Repeat the lines from the line with "Spreaders in an" to the line with "Dette velbeliggende sommerhus" in the listing below, keeping both end lines and adding nothing.

Recorded information

*** Block opens ***

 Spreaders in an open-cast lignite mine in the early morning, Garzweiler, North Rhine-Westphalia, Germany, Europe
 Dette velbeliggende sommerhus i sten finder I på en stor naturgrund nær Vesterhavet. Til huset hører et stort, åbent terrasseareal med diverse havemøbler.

*** Block closes ***
*** Block opens ***

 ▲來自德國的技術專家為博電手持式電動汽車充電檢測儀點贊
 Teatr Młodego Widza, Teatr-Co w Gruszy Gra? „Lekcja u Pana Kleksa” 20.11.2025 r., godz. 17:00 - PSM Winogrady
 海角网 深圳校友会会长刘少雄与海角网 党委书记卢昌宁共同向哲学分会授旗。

*** Block closes ***
*** Block opens ***

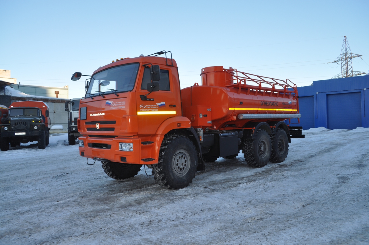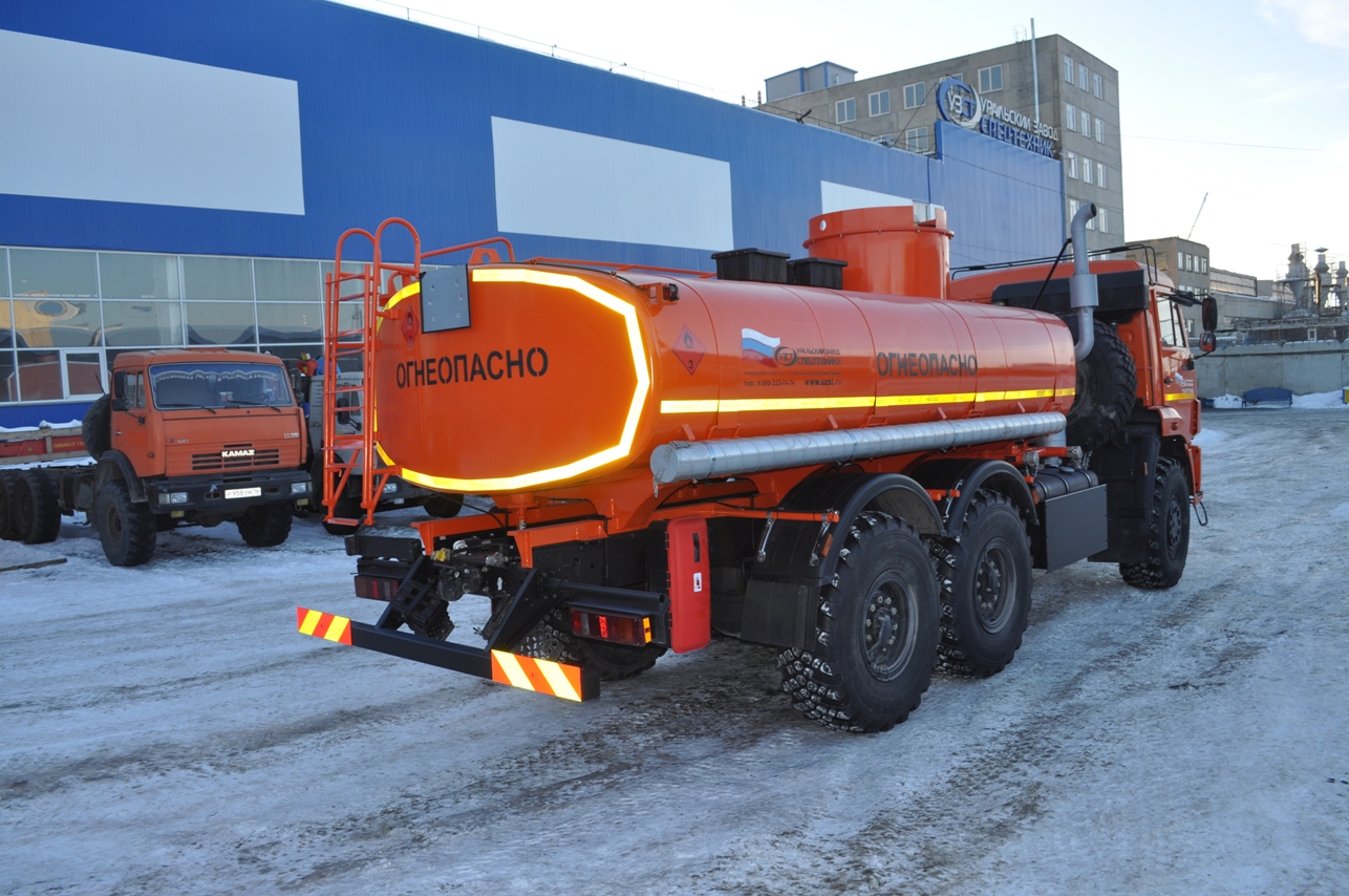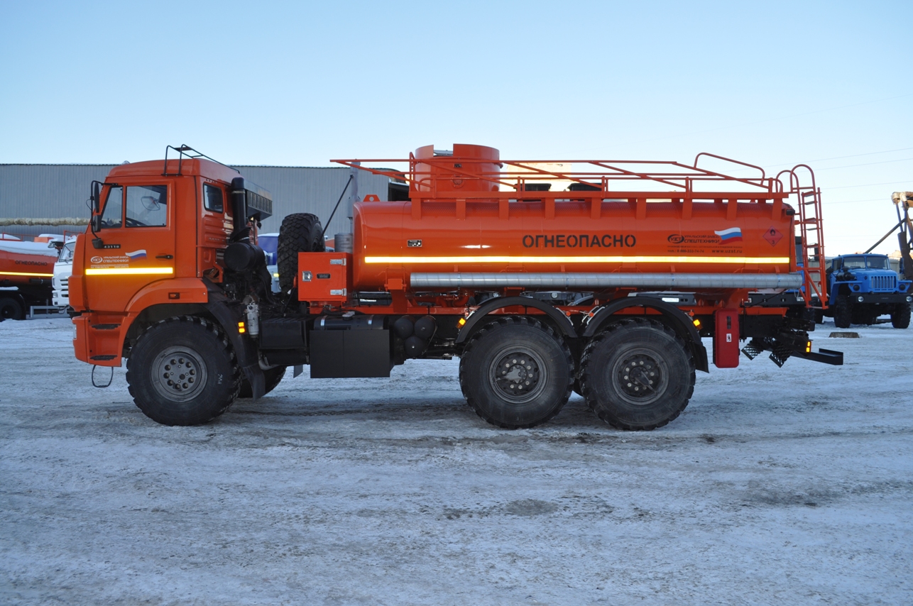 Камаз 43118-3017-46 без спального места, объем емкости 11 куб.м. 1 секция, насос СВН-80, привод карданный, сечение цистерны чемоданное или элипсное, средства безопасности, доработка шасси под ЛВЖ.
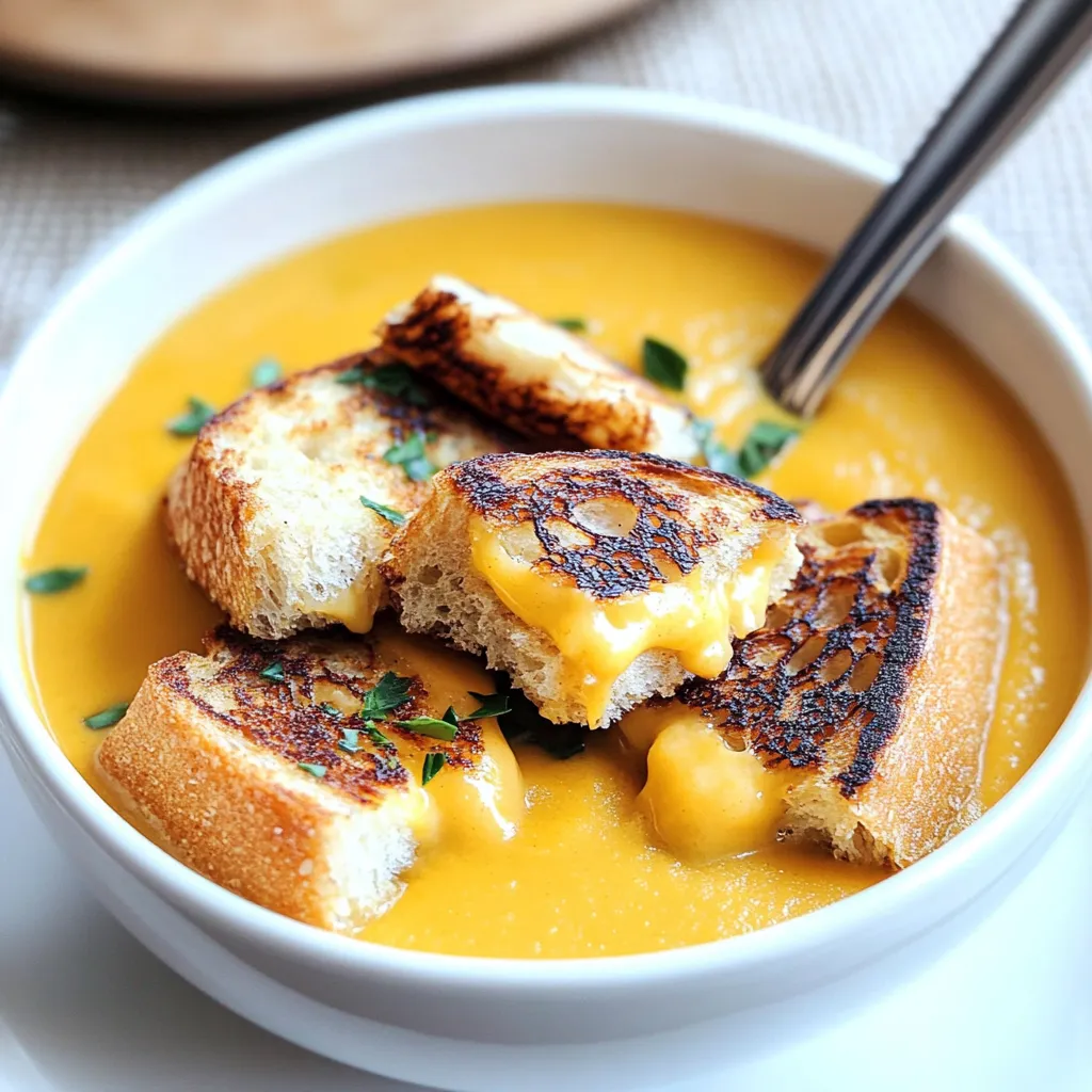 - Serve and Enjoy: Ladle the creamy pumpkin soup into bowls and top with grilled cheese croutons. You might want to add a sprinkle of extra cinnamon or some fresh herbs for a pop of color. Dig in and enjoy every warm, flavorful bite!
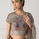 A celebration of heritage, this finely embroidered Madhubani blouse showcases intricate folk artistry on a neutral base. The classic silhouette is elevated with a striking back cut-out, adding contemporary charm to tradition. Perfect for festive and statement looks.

*** Block closes ***

Answer box
 Spreaders in an open-cast lignite mine in the early morning, Garzweiler, North Rhine-Westphalia, Germany, Europe
 Dette velbeliggende sommerhus i sten finder I på en stor naturgrund nær Vesterhavet. Til huset hører et stort, åbent terrasseareal med diverse havemøbler.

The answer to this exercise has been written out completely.